- **EXERCISE OBJECTIVE**: Look in the data below for the line that has "YKK AP 外召合せ框錠", then print exactly every line from there through the line that has "Kawaii Earth Wall", leaving pictures out.

- **INPUT DATA**:
━━━━━━━━━━━━━━━━━━━━━━━━━━━━━━
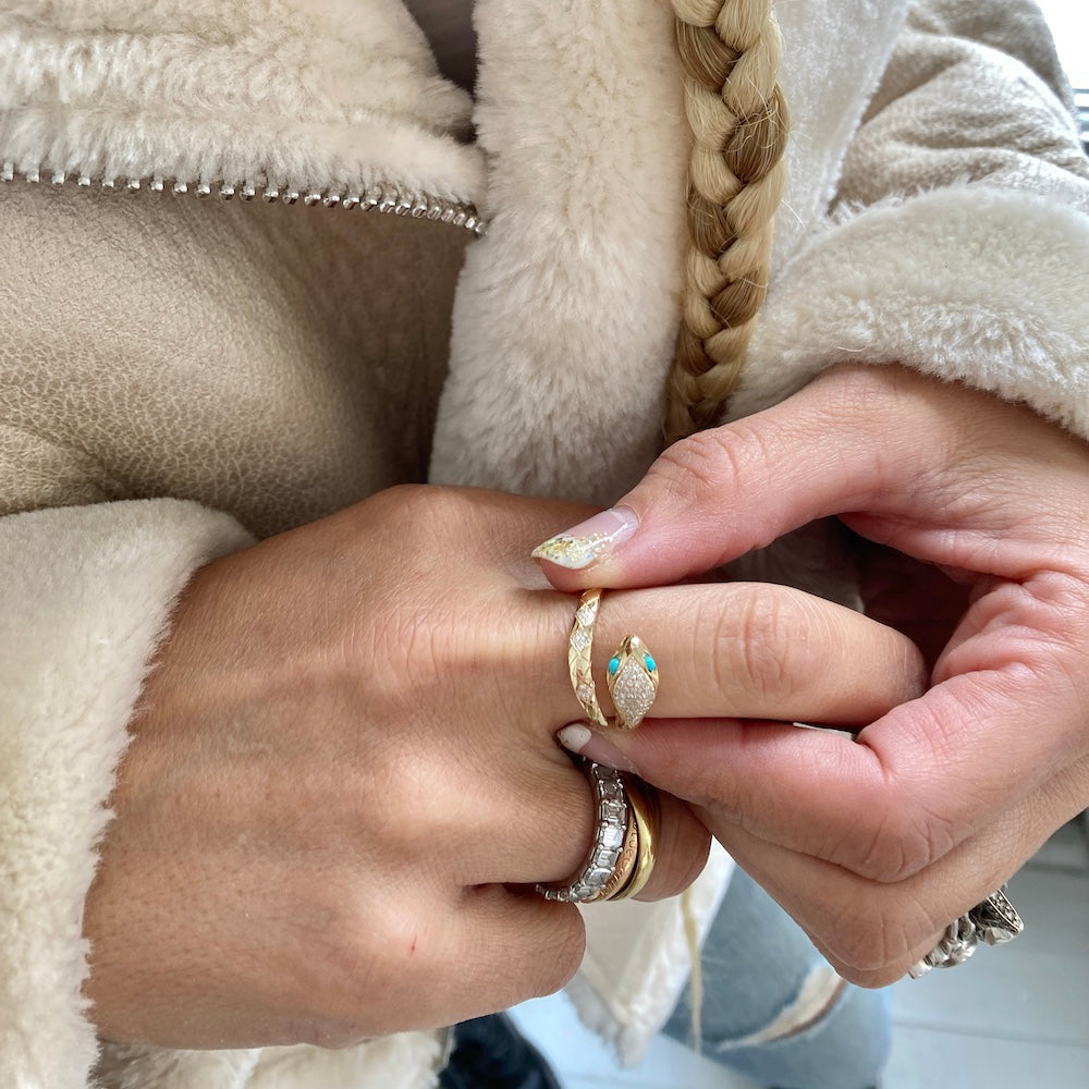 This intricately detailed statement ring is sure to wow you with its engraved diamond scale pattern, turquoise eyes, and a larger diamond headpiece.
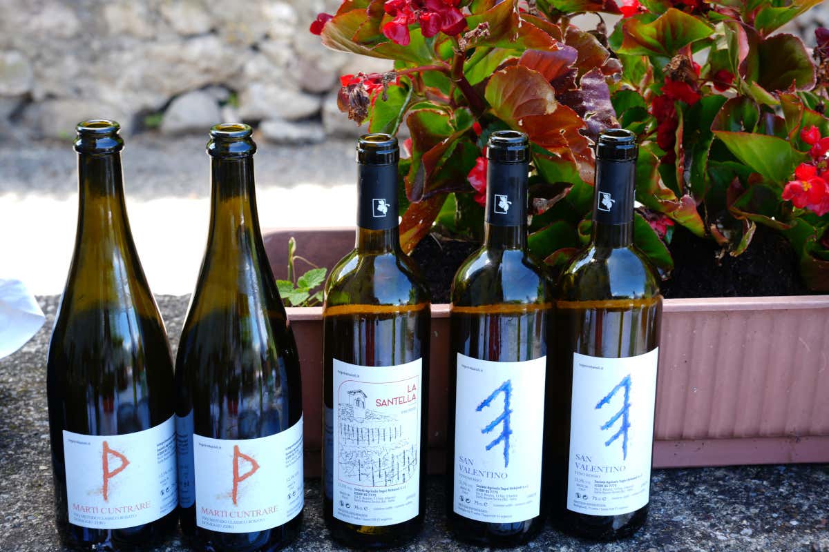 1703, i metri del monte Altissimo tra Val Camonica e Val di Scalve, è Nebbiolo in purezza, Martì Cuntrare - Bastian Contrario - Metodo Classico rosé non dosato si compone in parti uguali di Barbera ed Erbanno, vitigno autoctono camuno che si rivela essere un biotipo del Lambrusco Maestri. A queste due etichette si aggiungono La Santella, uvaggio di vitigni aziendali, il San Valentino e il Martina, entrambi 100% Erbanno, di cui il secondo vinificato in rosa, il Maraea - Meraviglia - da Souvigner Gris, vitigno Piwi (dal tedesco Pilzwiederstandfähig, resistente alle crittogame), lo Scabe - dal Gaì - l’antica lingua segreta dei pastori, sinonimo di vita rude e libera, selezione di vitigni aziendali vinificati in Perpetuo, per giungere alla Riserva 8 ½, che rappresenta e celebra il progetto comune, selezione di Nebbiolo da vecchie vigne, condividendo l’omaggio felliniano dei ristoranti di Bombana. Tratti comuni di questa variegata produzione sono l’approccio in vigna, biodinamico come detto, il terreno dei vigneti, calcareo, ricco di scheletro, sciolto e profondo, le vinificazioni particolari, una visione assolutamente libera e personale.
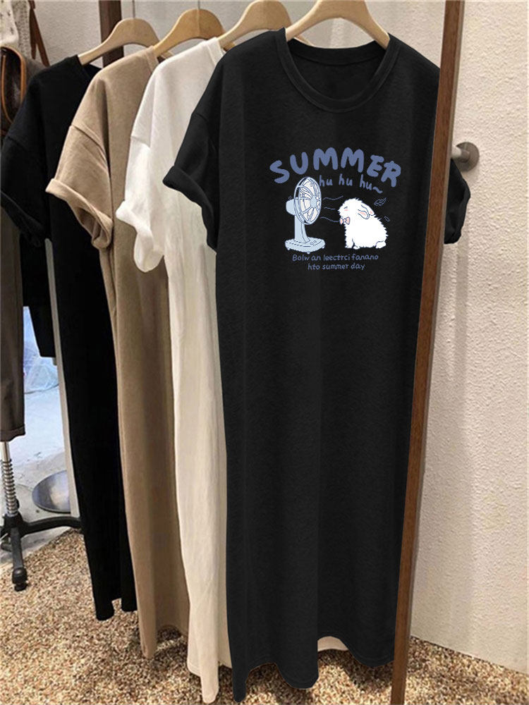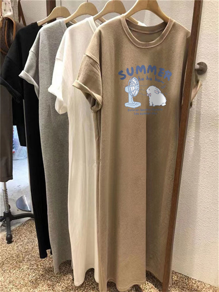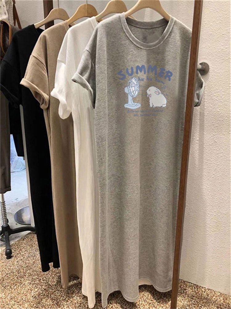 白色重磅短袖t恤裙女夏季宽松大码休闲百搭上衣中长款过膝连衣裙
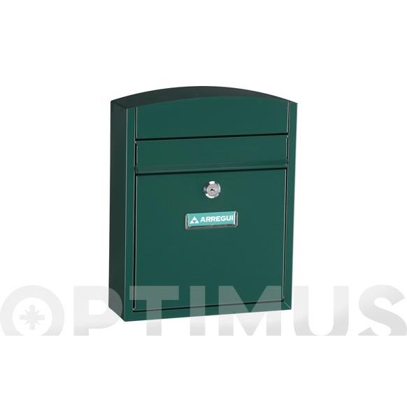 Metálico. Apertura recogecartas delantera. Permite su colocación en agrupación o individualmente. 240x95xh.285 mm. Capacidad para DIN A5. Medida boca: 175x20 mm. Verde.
━━━━━━━━━━━━━━━━━━━━━━━━━━━━━━
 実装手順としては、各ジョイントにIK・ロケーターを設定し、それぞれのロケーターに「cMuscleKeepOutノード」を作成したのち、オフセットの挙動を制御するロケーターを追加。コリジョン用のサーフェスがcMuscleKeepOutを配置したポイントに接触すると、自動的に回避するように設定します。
━━━━━━━━━━━━━━━━━━━━━━━━━━━━━━
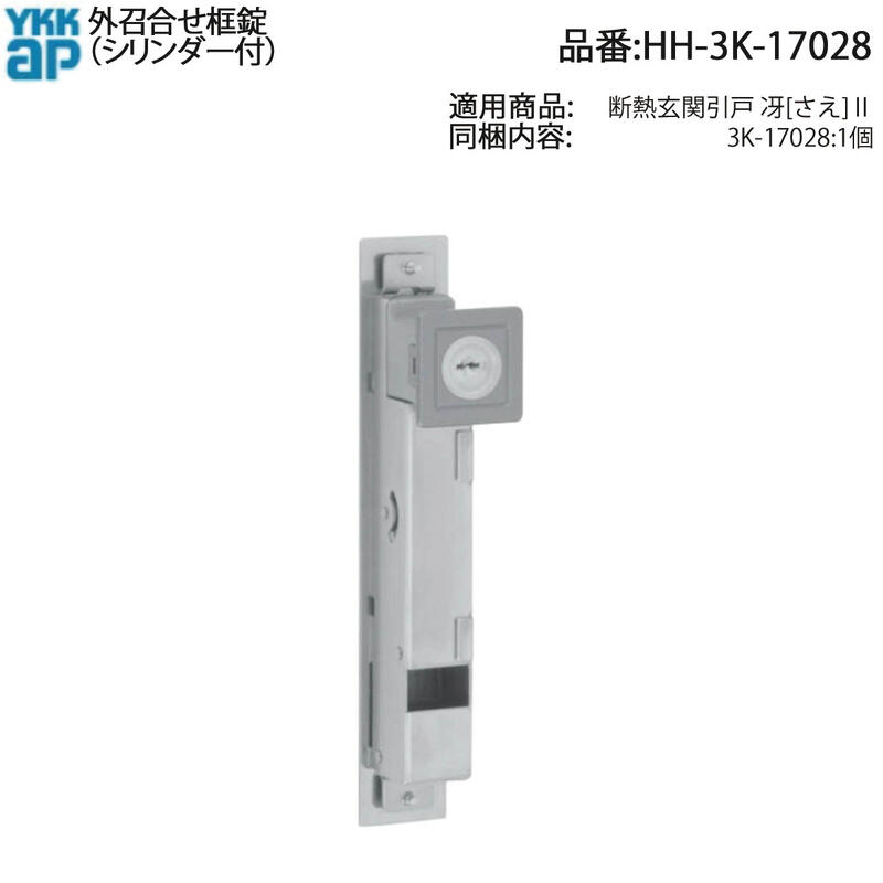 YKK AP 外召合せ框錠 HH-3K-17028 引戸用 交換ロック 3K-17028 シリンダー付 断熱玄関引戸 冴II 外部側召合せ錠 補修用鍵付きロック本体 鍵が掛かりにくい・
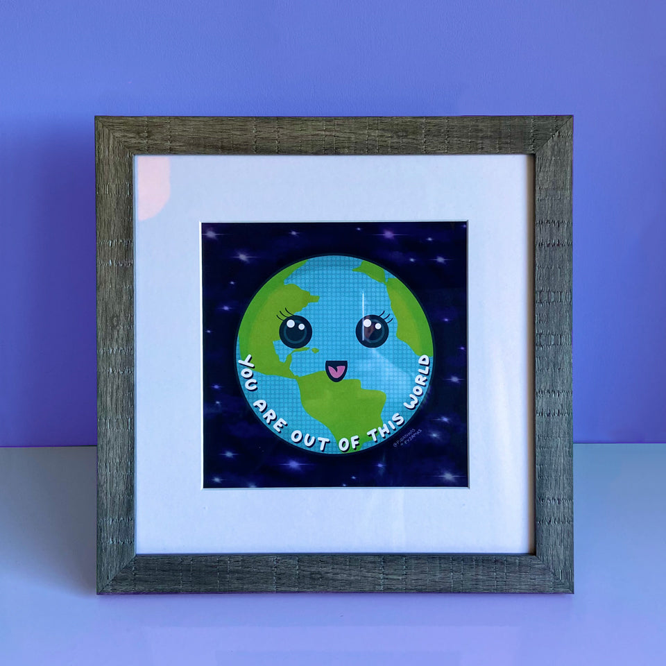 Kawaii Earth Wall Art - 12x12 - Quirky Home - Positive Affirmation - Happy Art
━━━━━━━━━━━━━━━━━━━━━━━━━━━━━━
- **RESULT**:
 YKK AP 外召合せ框錠 HH-3K-17028 引戸用 交換ロック 3K-17028 シリンダー付 断熱玄関引戸 冴II 外部側召合せ錠 補修用鍵付きロック本体 鍵が掛かりにくい・
 Kawaii Earth Wall Art - 12x12 - Quirky Home - Positive Affirmation - Happy Art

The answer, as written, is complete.